One can travel by train today from Tokyo to Yamadera in less than five hours.
In 1689, Matsuo Basho made the journey by foot in four or five months, give or take a day or a week. Basho left behind the comforts of his thatched cottage in Fukagawa, his friends, and his students for an uncertain journey with his companion Sora. They arrived in Yamadera in late August. There, Basho and Sora climb the rocky steps to the mountain temple called Yamadera (山寺, lit. “Mountain Temple”), shedding each step of the way their human worries and cares, until even the wind had ceased and all was silent.
Beholding the beauty of the scene, all Basho heard was the sound of the cicada.
ah, the silence
sinking into the rocks
the voice of the cicada
iwa ni shimi-iru
semi no koe
Basho’s haiku is inspired by my own experience with cicadas in Kansas and elsewhere. It is a common experience shared by anyone who has heard the incessant high pitched cry. What they are saying and to whom is a mystery.
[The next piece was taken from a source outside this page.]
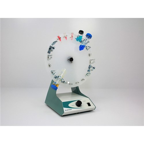 Variable speed range to 50 RPM Adjustable disc angle from horizontal to vertical Quiet operation Can accommodate small-medium tubes and bottles Customised discs available
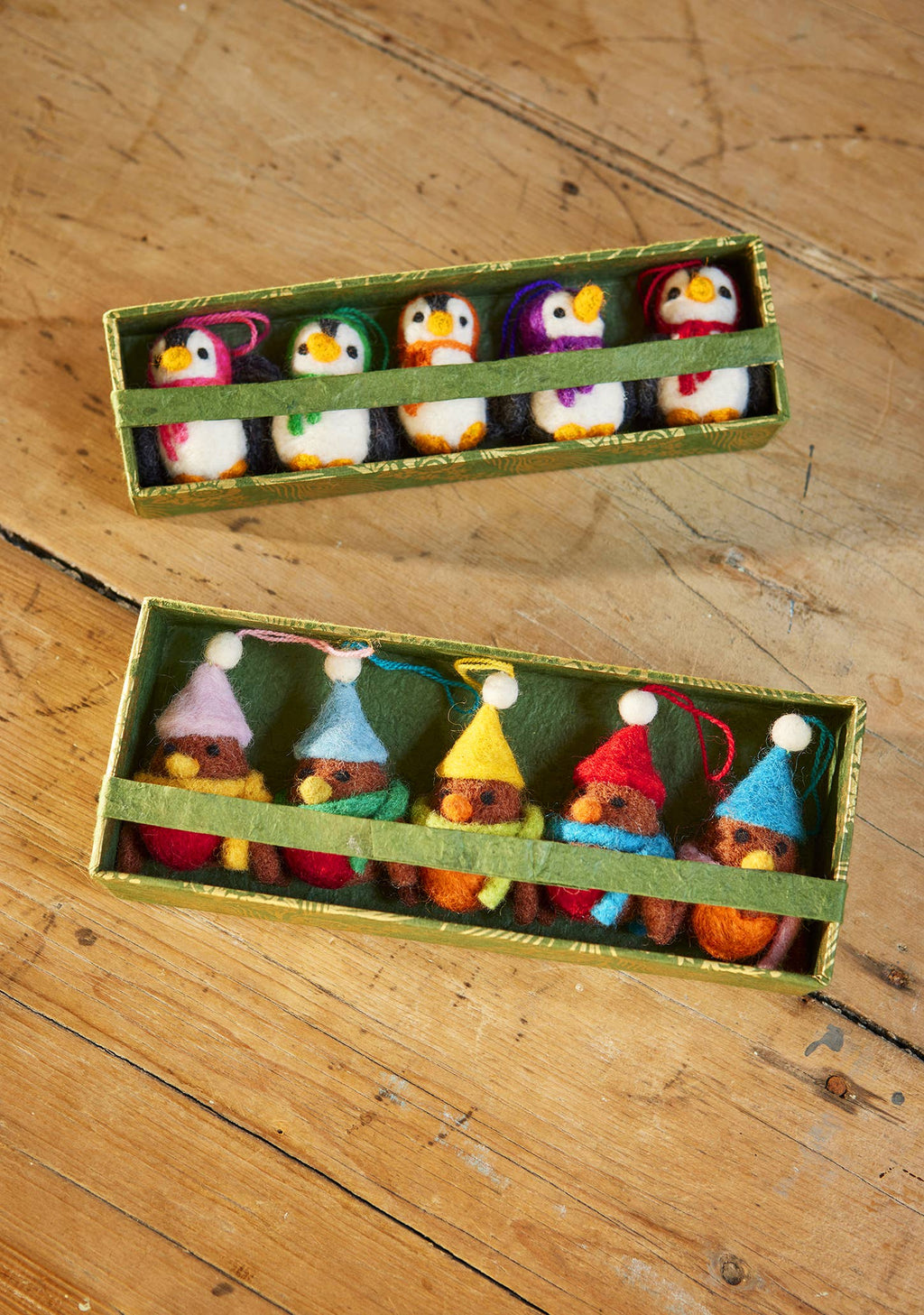 Introducing our adorable eco friendly felt penguin tree decorations wearing winter clothing and complete with a hanging thread for easy display. This charming collection is part of Namaste's new sustainable decoration range, designed in-house.

Perhaps, spending 16 out of 17 years underground, they are happy to be set free, learning too soon that it is time to die.
Perhaps, I wonder is it the heat?
ah, in the heat of August,
from each and every tree
comes the cry the cicada
Notes on Translation
Shizukasa could also be “such silence”, the feeling of awe that comes across the traveler when the wind dies completely and one is left alone with the beauty of Nature.
Shimi-iru is literally “penetrating,” giving one the sense the cicadas have burrowed into the rocks to escape the heat. “Sinking” is more sublime, and suggestive of a Buddhist stage of meditation.
Semi no koe, at its simplest, is the voice of the cicada, but that doesn’t stop translators from adding a little spice with verbs like “shrill of the cicada” or “cry of the cicada”.